Introduction to Tangent lines, Slope of curve

• Tangent line: A tangent line is a straight line that touches a curve at a specific point, sharing the same slope as the curve at that point.
• Point of tangency: The point where the tangent line intersects the curve is called the point of tangency.
• Slope: The slope of a line measures how steep the line is. It is defined as the ratio of the vertical change (rise) to the horizontal change (run) between any two points on the line.
• The slope of a curve at a point: The slope of a curve at a specific point is the slope of the tangent line to the curve at that point.
• Secant line: A secant line is a straight line that intersects a curve at two distinct points. It provides an average rate of change between those two points.
• Instantaneous rate of change: The slope of the tangent line represents the instantaneous rate of change of the curve at a given point, providing the exact rate at that specific moment.
• Derivative: The derivative of a function represents the rate at which the function is changing at any given point. It provides the slope of the tangent line to the curve at each point.
• Differentiability: A function is said to be differentiable at a point if the tangent line exists at that point, meaning the derivative exists.
• Gradient: In multivariable calculus, the gradient vector represents the direction of the steepest ascent of a function and provides the slope of the tangent plane to a surface.
• Tangent line approximation: The tangent line can be used as an approximation of the curve near the point of tangency, especially when the curve is smooth and differentiable.

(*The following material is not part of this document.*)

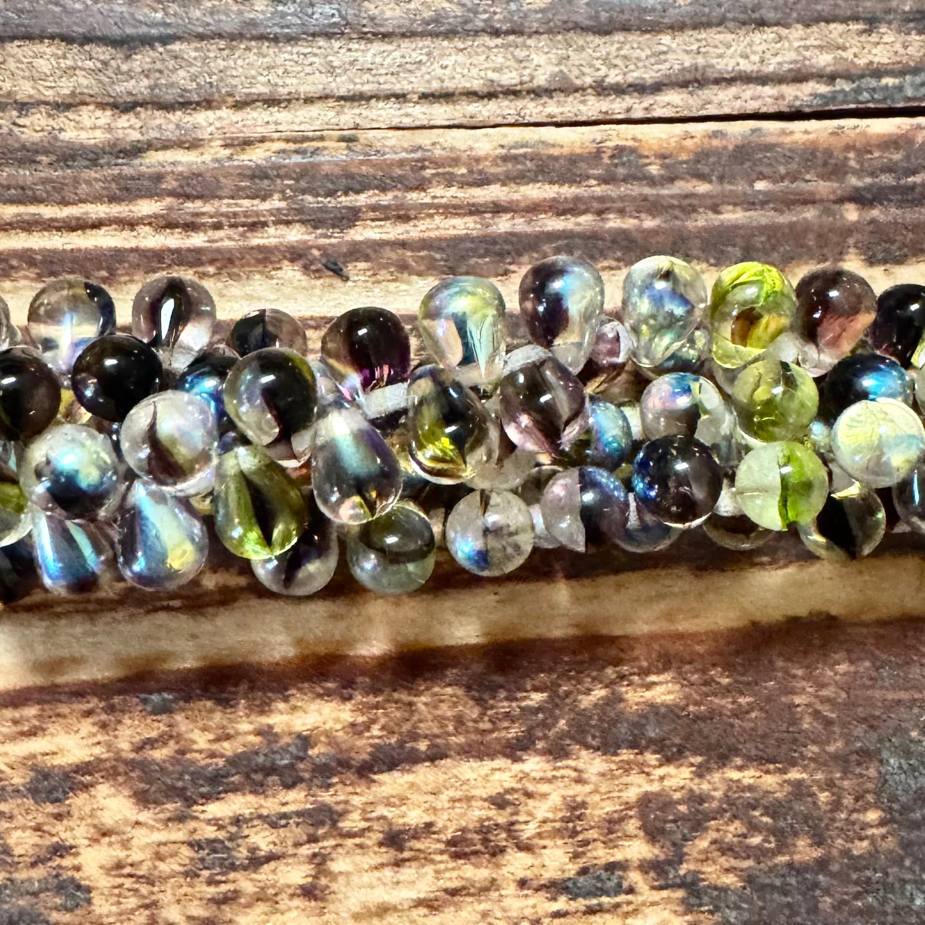 JKB-0902 - Czech Glass Teardrop Beads, Chocolate-Lemon AB, 4x7mm | Strand

Relative Motion, Velocity & Analyzing Motion:

Here's how the definite integral is used to calculate accumulated change over an interval:

1. Interval: Consider an interval [a, b] on the x-axis. This interval represents the period over which you want to determine the accumulated change.
2. Function: Suppose you have a function f(x) defined over the interval [a, b]. This function may represent a rate of change, such as velocity, or any other quantity that varies for x.
3. Definite Integral: The definite integral of the function f(x) over the interval [a, b] is written as:

∫[a to b] f(x) dx

The dx represents an infinitesimally small change in x, indicating that we are summing up the contributions of the function over the entire interval.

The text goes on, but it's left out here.